After 12 hours of non-stop travel, the loop along Rybachy closed, and we descended to Sredny. Now the direction of movement is counterclockwise. From Cape Zemlyanoy we drive along the western coast along a long 30-meter cliff, made of the finest shale plates, through which many small springs break through. The famous "Two Brothers" are gigantic outliers. There is some kind of mysticism here - it is not without reason that the Sami have since ancient times considered the Pummanki mountain to be the habitat of sorcerers (noids). According to legend, two of them - brothers Noyd-Ukko and Noyd-Akka - were punished for their atrocities and turned into these stone statues.

38 STARS
A little further, on the high bank, we meet a practically untouched coastal battery of the 1950s (judging by the nameplate on the gun, 1946). Multilevel system of moves, lubricated mechanisms. During the war, the 221st battery was also based here, which destroyed a German minesweeper on June 22, 1941 and thereby opened the combat account of the USSR Navy.

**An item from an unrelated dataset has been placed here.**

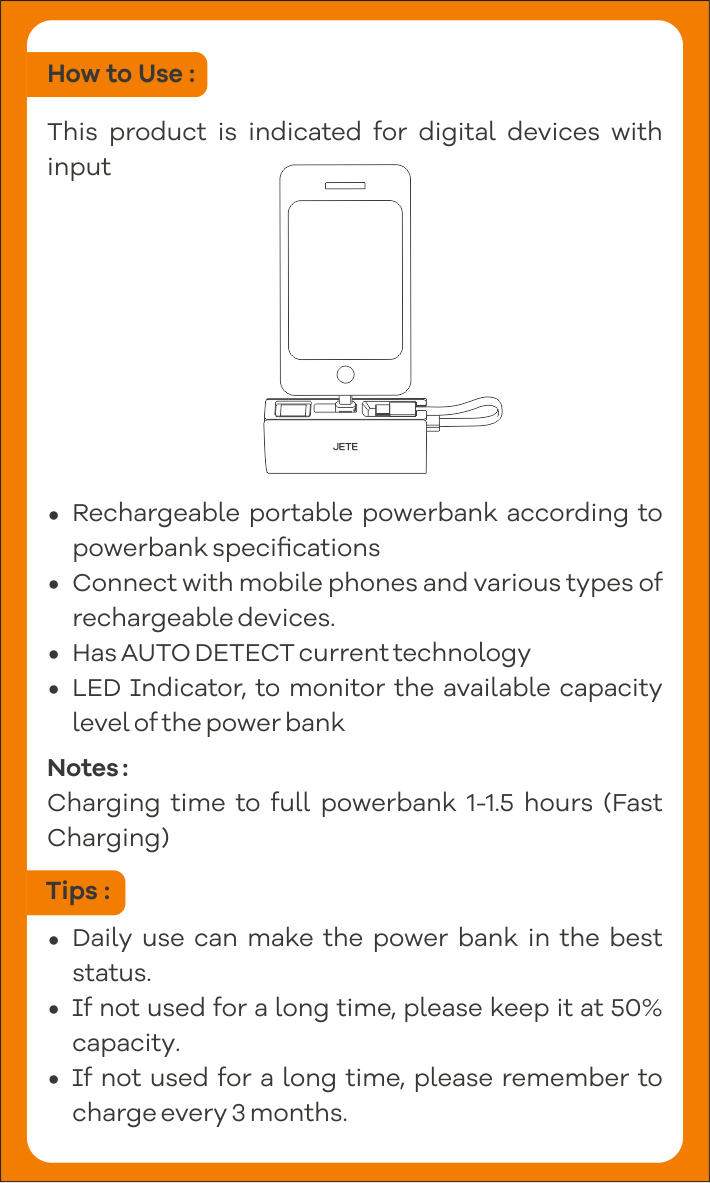 - Damage to the JETE Powerbank unit can be claimed under warranty and will be replaced with a new unit.

The barrel from one of her guns with 38 stars (according to the number of enemy ships sunk) is now in the ship's cemetery four kilometers from this place.

GLORY TO THE HEROES!
We break the last night on this trip on the outskirts of Sredne, on the bank of the river under the Musta-Tunturi ridge. Sanya Zarodov tells how, as a schoolboy, he participated in the installation of the first obelisk on it. I carried sand upstairs in a backpack for the foundation of the monument. Suddenly our camp is illuminated by the sun peeking out of the clouds - in a week we have already lost the habit of it. We look at the lightened mountains and somehow automatically begin to discuss the route of our next trip to the North. Harsh beauty, the attraction of the North, the end of the Earth - seemingly banal phrases, but ... oddly enough, very honest and appropriate here.

"Two brothers", who were worshiped and feared by the Sami, considering them petrified evil sorcerers. Now at the base of the northern outlier, a geocache cache is hidden.